Segment Start: Input data
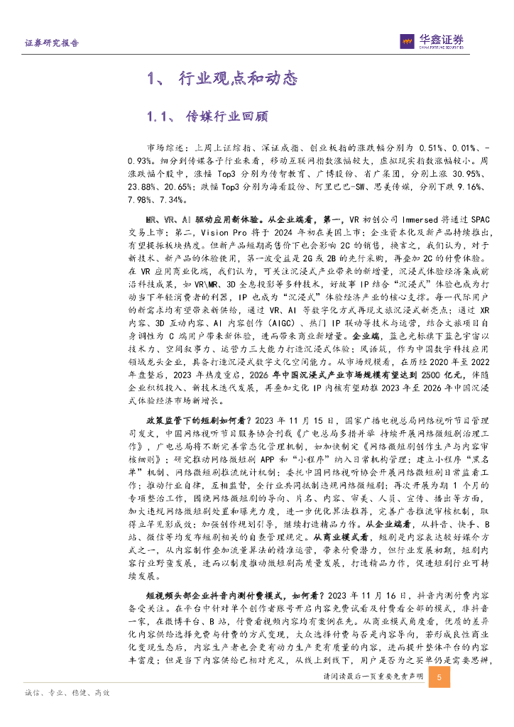 华鑫证券:传媒行业周报:MR VR AI驱动应用新体验 沉浸式产业可期.pdf
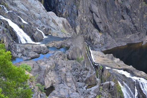 En attendant notre poursuite du voyage en autobus, je me promène sur le bord du petit étang d’eau ci-dessus, c’est calme et…. ô surprise! Je ne m’attends pas du tout à celle-là! Des papillons bleus! Ceux qui s’agitent devant moi sont vraiment gros, mais malheureusement très rapides aussi, alors le temps de positionner mon iPhone et ils s’envolent, portés par leur liberté! Ce sont des papillons Ulysse d’un bleu électrique, d’une rareté désarmante et à la vie si éphémère. Mon rêve se réalise avant même d’avoir espéré en rencontrer un au cours de ma vie. Cette vie, justement, nous réserve parfois des surprises que l’on doit accueillir avec bonté; à elle seule, cette pure merveille de papillon égaie mon passage dans la forêt tropicale de Kuranda.
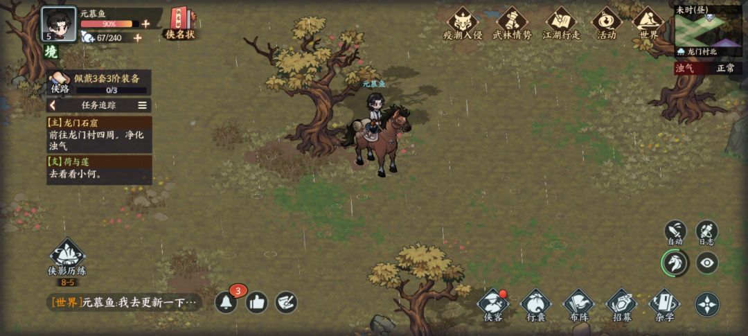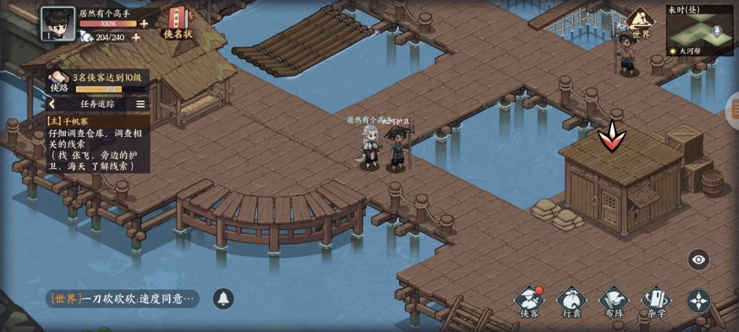 七侠镇:买鱼饵,开锁工具,打武教管事,坐骑口粮(正式服应该还需要去客栈买酒喝) 将军渡:将军渡采集甘草-树莓 大河帮:1.大河帮找东舵主李涛练鲸吸功,护送&劫船,贡献商人买鱼饵。2.黑鱼滩采集树莓-芦苇。3.渔歌村买鱼饵,采集铁矿。 野狼林:1.牛家村采集井水-树莓。2.牛首山采集精铁矿-蜂蜜,打熊王。3.野狼林西采集人参-松树-甘草。4.野狼林打狼王,采集松树-当归。5.野狼林北采集金银花
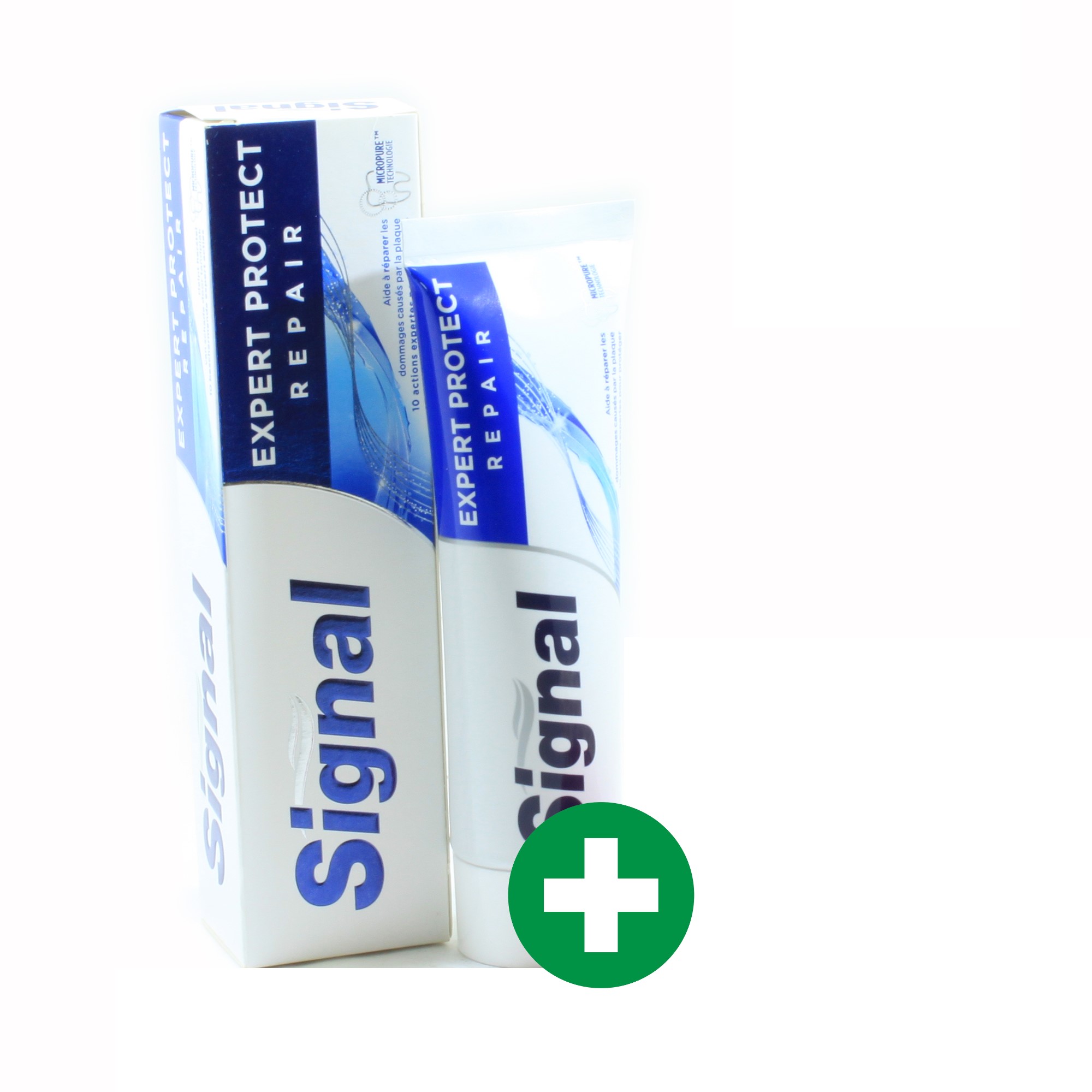 سیگنال از برندهای پرطرفدار و با سابقه‌ای بیش از ۴۰ سال، دارای گستره وسیعی از محصولات تخصصی در زمینه مراقبت از دهان و دندان بوده و به میلیون‌ها نفر در دنیا کمک‌رسانی کرده است. خمیر دندان محافظت کننده سیگنال مدل Expert Protect Repair یکی از محصولات محبوب این برند است که دندان‌ها را از وجود پلاک‌های دندانی حفظ می‌کند. این محصول حاوی ماده آنتی‌باکتریال سیترات زینک بوده که تشکیل جرم روی دندان جلوگیری نموده و در نتیجه دندان‌ها تغییر رنگ نخواهند داد. در خمیردندان اکسپرت پروتکت از تکنولوژی (MICROPURE) استفاده شده که حاوی ریز ذره‌هایی برای پاکسازی بهتر پلاک‌های بین دندان‌ها است.
Segment End: Input data
### Aim of the task
Before you finish, make sure every line above has been repeated exactly and no picture remains in the copy.

### Result of the task
 华鑫证券:传媒行业周报:MR VR AI驱动应用新体验 沉浸式产业可期.pdf
 En attendant notre poursuite du voyage en autobus, je me promène sur le bord du petit étang d’eau ci-dessus, c’est calme et…. ô surprise! Je ne m’attends pas du tout à celle-là! Des papillons bleus! Ceux qui s’agitent devant moi sont vraiment gros, mais malheureusement très rapides aussi, alors le temps de positionner mon iPhone et ils s’envolent, portés par leur liberté! Ce sont des papillons Ulysse d’un bleu électrique, d’une rareté désarmante et à la vie si éphémère. Mon rêve se réalise avant même d’avoir espéré en rencontrer un au cours de ma vie. Cette vie, justement, nous réserve parfois des surprises que l’on doit accueillir avec bonté; à elle seule, cette pure merveille de papillon égaie mon passage dans la forêt tropicale de Kuranda.
 七侠镇:买鱼饵,开锁工具,打武教管事,坐骑口粮(正式服应该还需要去客栈买酒喝) 将军渡:将军渡采集甘草-树莓 大河帮:1.大河帮找东舵主李涛练鲸吸功,护送&劫船,贡献商人买鱼饵。2.黑鱼滩采集树莓-芦苇。3.渔歌村买鱼饵,采集铁矿。 野狼林:1.牛家村采集井水-树莓。2.牛首山采集精铁矿-蜂蜜,打熊王。3.野狼林西采集人参-松树-甘草。4.野狼林打狼王,采集松树-当归。5.野狼林北采集金银花
 سیگنال از برندهای پرطرفدار و با سابقه‌ای بیش از ۴۰ سال، دارای گستره وسیعی از محصولات تخصصی در زمینه مراقبت از دهان و دندان بوده و به میلیون‌ها نفر در دنیا کمک‌رسانی کرده است. خمیر دندان محافظت کننده سیگنال مدل Expert Protect Repair یکی از محصولات محبوب این برند است که دندان‌ها را از وجود پلاک‌های دندانی حفظ می‌کند. این محصول حاوی ماده آنتی‌باکتریال سیترات زینک بوده که تشکیل جرم روی دندان جلوگیری نموده و در نتیجه دندان‌ها تغییر رنگ نخواهند داد. در خمیردندان اکسپرت پروتکت از تکنولوژی (MICROPURE) استفاده شده که حاوی ریز ذره‌هایی برای پاکسازی بهتر پلاک‌های بین دندان‌ها است.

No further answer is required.